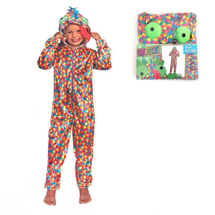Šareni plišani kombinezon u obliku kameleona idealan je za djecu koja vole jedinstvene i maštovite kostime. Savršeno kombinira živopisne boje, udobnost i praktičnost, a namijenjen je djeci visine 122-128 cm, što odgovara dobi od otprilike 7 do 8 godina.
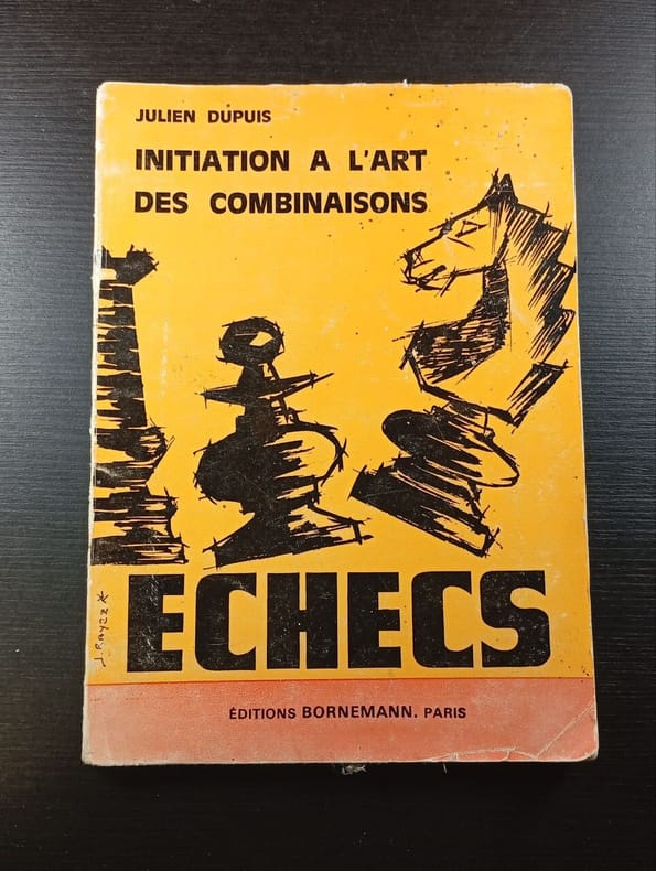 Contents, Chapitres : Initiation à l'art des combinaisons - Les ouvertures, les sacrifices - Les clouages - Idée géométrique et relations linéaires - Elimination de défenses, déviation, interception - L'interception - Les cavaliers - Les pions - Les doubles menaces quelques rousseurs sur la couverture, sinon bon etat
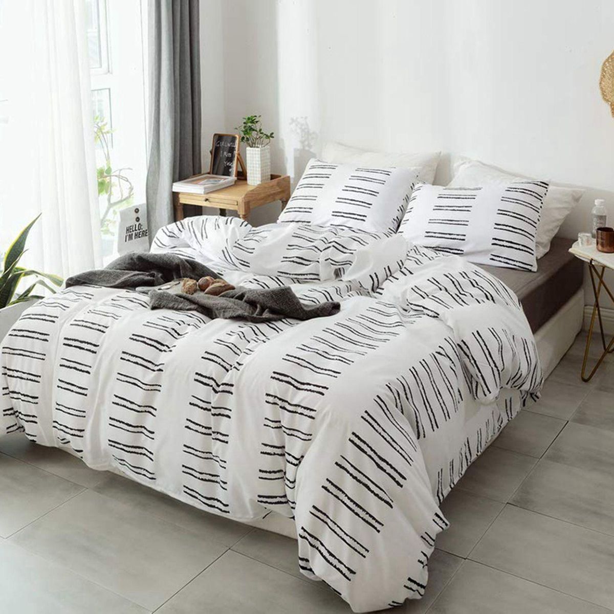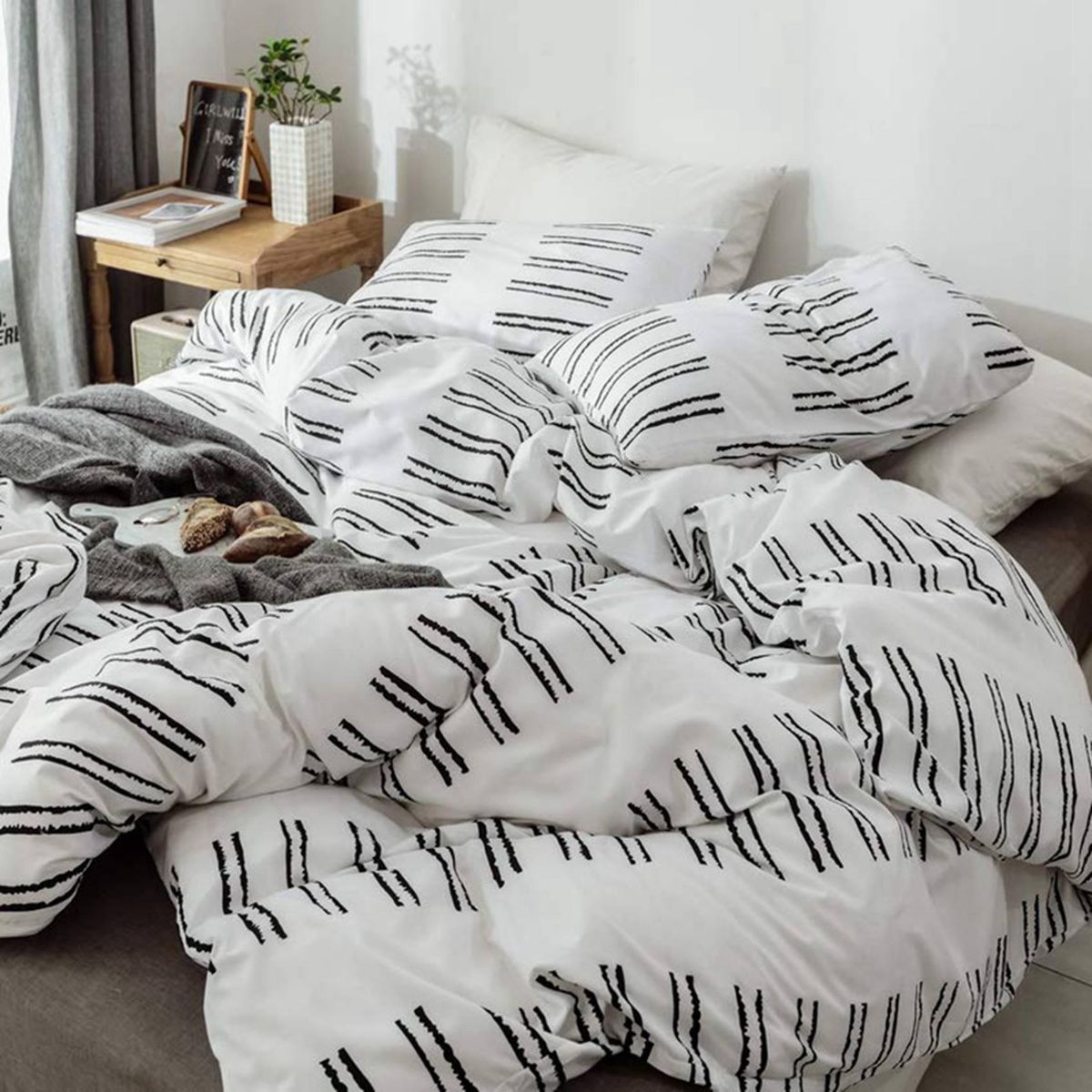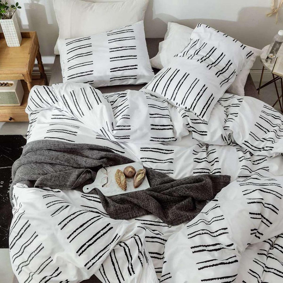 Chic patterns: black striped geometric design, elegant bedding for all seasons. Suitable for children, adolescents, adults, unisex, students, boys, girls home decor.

...

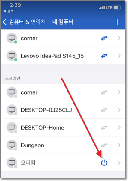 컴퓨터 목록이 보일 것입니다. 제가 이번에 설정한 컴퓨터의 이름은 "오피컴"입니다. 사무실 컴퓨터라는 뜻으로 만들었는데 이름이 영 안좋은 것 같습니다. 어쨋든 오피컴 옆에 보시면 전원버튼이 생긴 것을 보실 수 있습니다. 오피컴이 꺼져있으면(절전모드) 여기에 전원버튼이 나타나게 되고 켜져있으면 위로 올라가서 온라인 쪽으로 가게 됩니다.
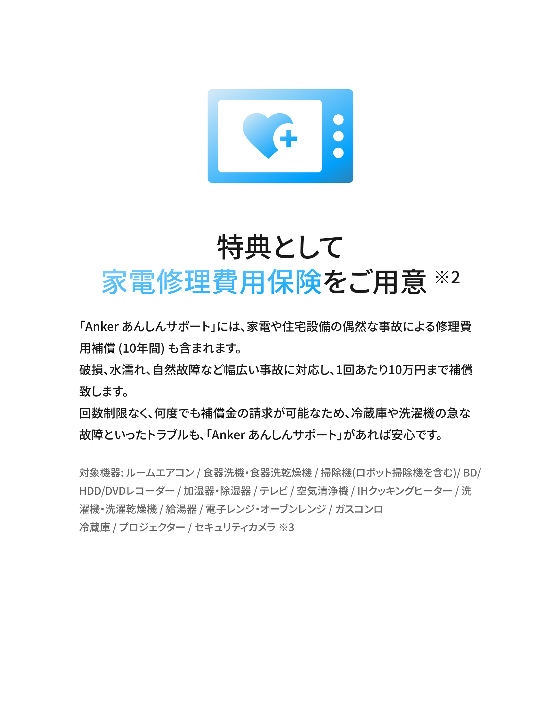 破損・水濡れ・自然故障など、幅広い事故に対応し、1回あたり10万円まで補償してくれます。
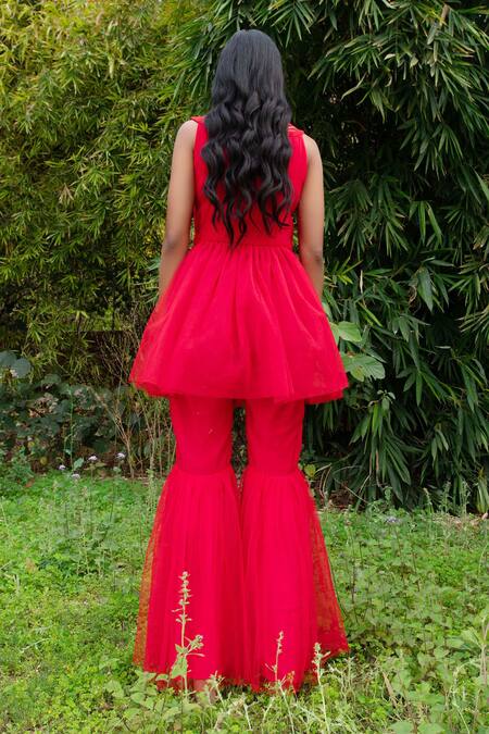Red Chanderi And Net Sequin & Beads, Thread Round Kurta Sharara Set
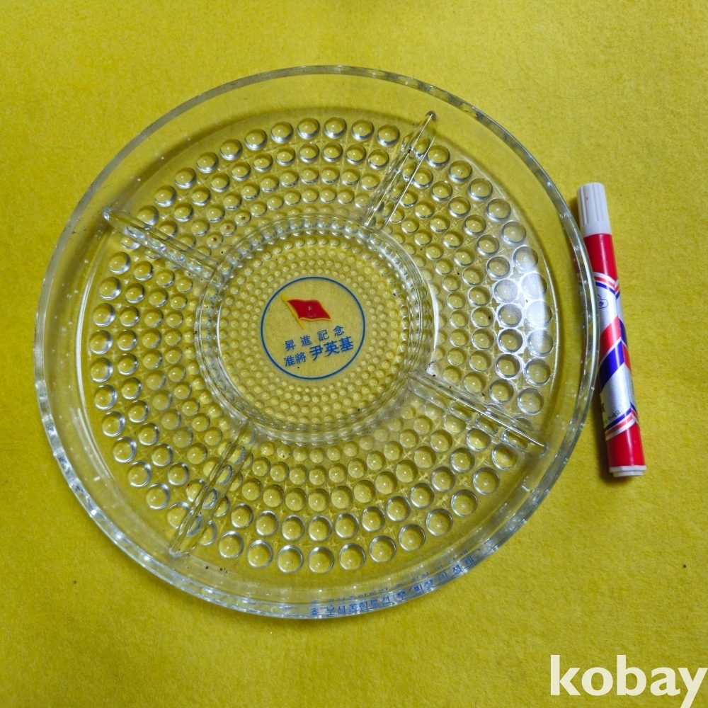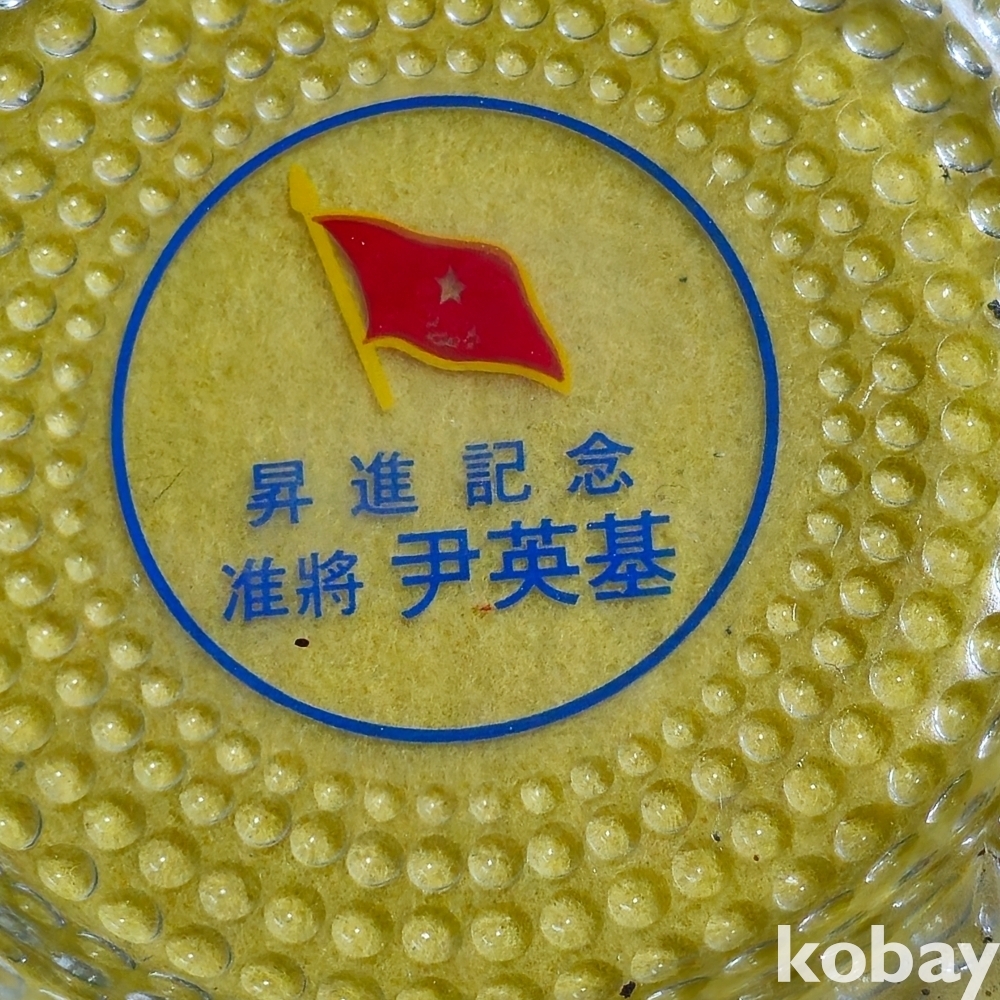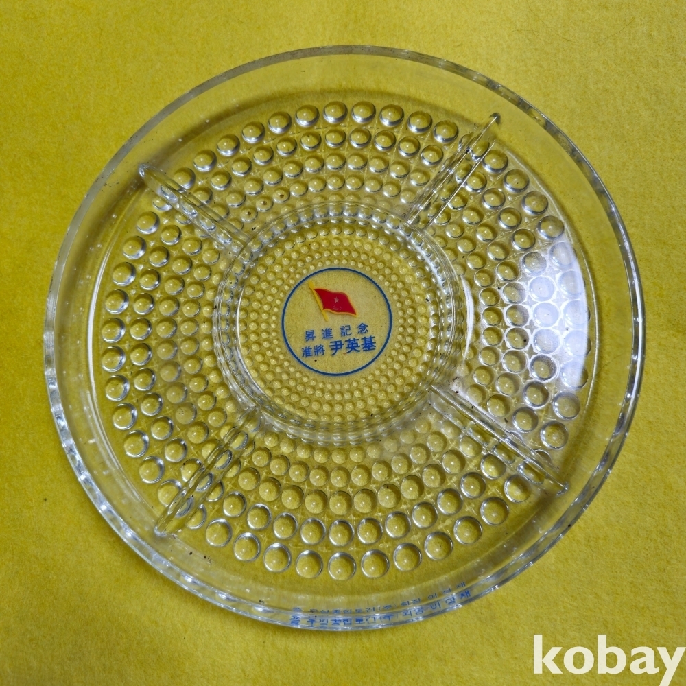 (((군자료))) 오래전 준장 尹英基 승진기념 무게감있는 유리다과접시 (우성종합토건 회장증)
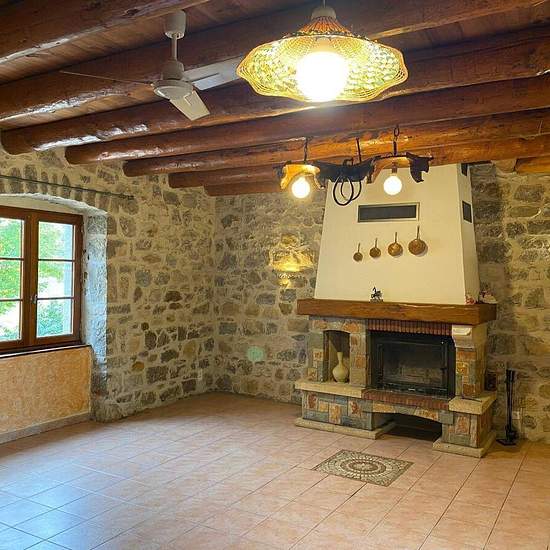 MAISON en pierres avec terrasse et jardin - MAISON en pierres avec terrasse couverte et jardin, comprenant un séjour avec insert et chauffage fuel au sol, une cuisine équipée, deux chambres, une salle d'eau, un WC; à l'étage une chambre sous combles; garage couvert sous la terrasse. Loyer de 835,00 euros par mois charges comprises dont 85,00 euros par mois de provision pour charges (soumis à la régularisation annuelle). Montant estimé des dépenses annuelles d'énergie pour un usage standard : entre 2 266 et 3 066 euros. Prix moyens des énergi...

- _WHAT THIS TASK INVOLVES_: Copy nothing but the lines above that run from the one with "破損・水濡れ・自然故障など、" to the one with "(((군자료))) 오래전 준장", ends included; pictures stay out.

- _TASK RESPONSE_:
 破損・水濡れ・自然故障など、幅広い事故に対応し、1回あたり10万円まで補償してくれます。
Red Chanderi And Net Sequin & Beads, Thread Round Kurta Sharara Set
 (((군자료))) 오래전 준장 尹英基 승진기념 무게감있는 유리다과접시 (우성종합토건 회장증)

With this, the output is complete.